EvIL: Evolution Strategies for Generalisable Imitation Learning
We present a general framework for Imitation Learning able to optimise non-differentiable objectives and generate transferable reward functions
摘要
评审与讨论
This paper presents a method of model-based imitation learning based on learning and evolution. Specifically, the proposed method named EvIL is formulated as a bilevel optimization problem. The outer loop optimizes the reward and transition functions that are used to train a policy by reinforcement learning in the inner loop. The objective function of the outer loop is behavioral cloning loss, and CMA-ES is adopted to optimize the reward and transition functions. The evolved reward function is distilled to simplify the network architecture of the reward function, which improves the performance in the test environment. EvIL is evaluated on Gridworld and Reacher and outperforms BC and AIRL.
优点
The proposed method is general and applicable to various policy optimization problems. The finding that using distillation is better than simply adding regularization to a loss function seems interesting. The experimental results are promising. In particular, transferability to unseen environments is interesting.
缺点
The literature review is insufficient. For example, the structure of EvIL is similar to the framework of learning and evolution. For example, Elfwing et al. (2018) optimize hyperparameters of RL by a simple evolutionary algorithm in the outer loop while the policy is trained by RL. In Nielum et al. (2010), the reward function is optimized by genetic programming. Please discuss the relation between EvIL and these classical studies. In addition, a more detailed survey on meta-learning is needed.
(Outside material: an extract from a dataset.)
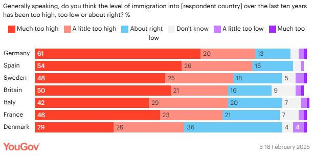YouGov apklausa buvo atlikta septyniose šalyse, įskaitant Vokietiją ir Švediją, o gauti skaičiai kalba patys už save. Vokietijoje, kad imigracija yra per didelė, teigia 81 proc. respondentų. Antroje vietoje yra Ispanija (80 proc.), o trečioje – Švedija (73 proc.).

For example, Evolved Policy Gradient (Houthooft et al., 2018) optimizes a differentiable loss function, where a similar evolutionary strategy is used in the outer loop.
S. Niekum et al. (2010). Genetic Programming for Reward Function Search. IEEE Transactions on Autonomous Mental Development. 2(2): 83-90.
S. Elfwing et al. (2018). Online Meta-Learning by Parallel Algorithm Competition. In Proc. of GECCO.
R. Houthooft et al. (2018). Evolved Policy Gradients. NeurIPS.
My second concern is the scalability of the algorithm. Since a naive evolutionary strategy is adopted to optimize the reward and transition functions, applying the proposed method to problems with a high-dimensional state space is problematic.
Finally, it would be better to re-organize Section 5 because Figure 3 is explained after Figure 2.
问题
- Figure 1 seems interesting, but I do not fully understand the experimental conditions. The first paragraph of Section 4.1 mentions that the reward function optimized in the training environment is used to train policies in the test environment. However, Figure 1 shows that the reward and transition functions are optimized in the test environment. Please clarify the motivation for the experiments.
- Figure 1 shows that the performance of EvIL is worse than that of AIRL in the training environment. However, AIRL failed to improve its performance in the test environment. Does it imply that the initial reward is tuned for the training environment?
- Discussions about Figure 2 are needed. For example, in my view, there are no significant differences among EvIL, EvIL with supervised loss, and EvIL with supervised model. In addition, the performance in the online setting is much better than those of other methods. It implies that EvIL failed to find a good transition function even in the Poitmass environment. Would you discuss the quality of the optimized transition function in detail?
- Figure 3 is interesting, but I am unsure how the features such as the obstacle position are retrieved from the reward function. As far as I understand, the reward function is represented by a neural network, which is a mapping from a state to a scalar value. Would you clarify the method to retrieve the reward features?
We sincerely appreciate the reviewer's insightful feedback and their thorough understanding of the relevant literature. We are particularly encouraged by the recognition of our approach's generality and wide applicability.
Addressing the reviewer's concerns:
- While we acknowledge that our current experiments do not exhibit strong scalability, it is important to note that IRL is typically evaluated on MuJoCo environments, which have a smaller observation space compared to some of the environments we employed. Within these environments, we achieved performance parity with the AIRL baseline.
- The papers mentioned have been added to the background under the Evolution Strategies subsection (2.1). While Niekum et al. (2010) do utilize evolution strategies to train a reward function, their objective is to enhance RL performance. In our approach, this is not feasible due to the absence of a reward signal. Similarly, Elfwing et al. (2018) also optimize for a reward function, but our framework operates under the assumption that no reward function is available. Evolved Policy Gradient (Houthooft et al., 2018) employs a similar setup with an ES outer loop optimizing for rewards in the inner loop. However, the optimization targets differ between the outer and inner loops in both approaches. To summarise, our approach is fundamentally different for all the papers above as we don’t assume access to a reward function signal we can optimise, but instead we optimise for a cross entropy loss against the expert’s trajectories.
Addressing the reviewer's specific questions:
- The right-side plots in Figure 1 illustrate how the reward function generalizes to the test environment during optimization on the training data. Notably, the reward function is never optimized on the test data or environment; rather, we solely evaluate its performance there.
- The original reward function that both AIRL and EvIL strive to recover remains the same. However, the reward function recovered by EvIL exhibits superior generalization to the test environment.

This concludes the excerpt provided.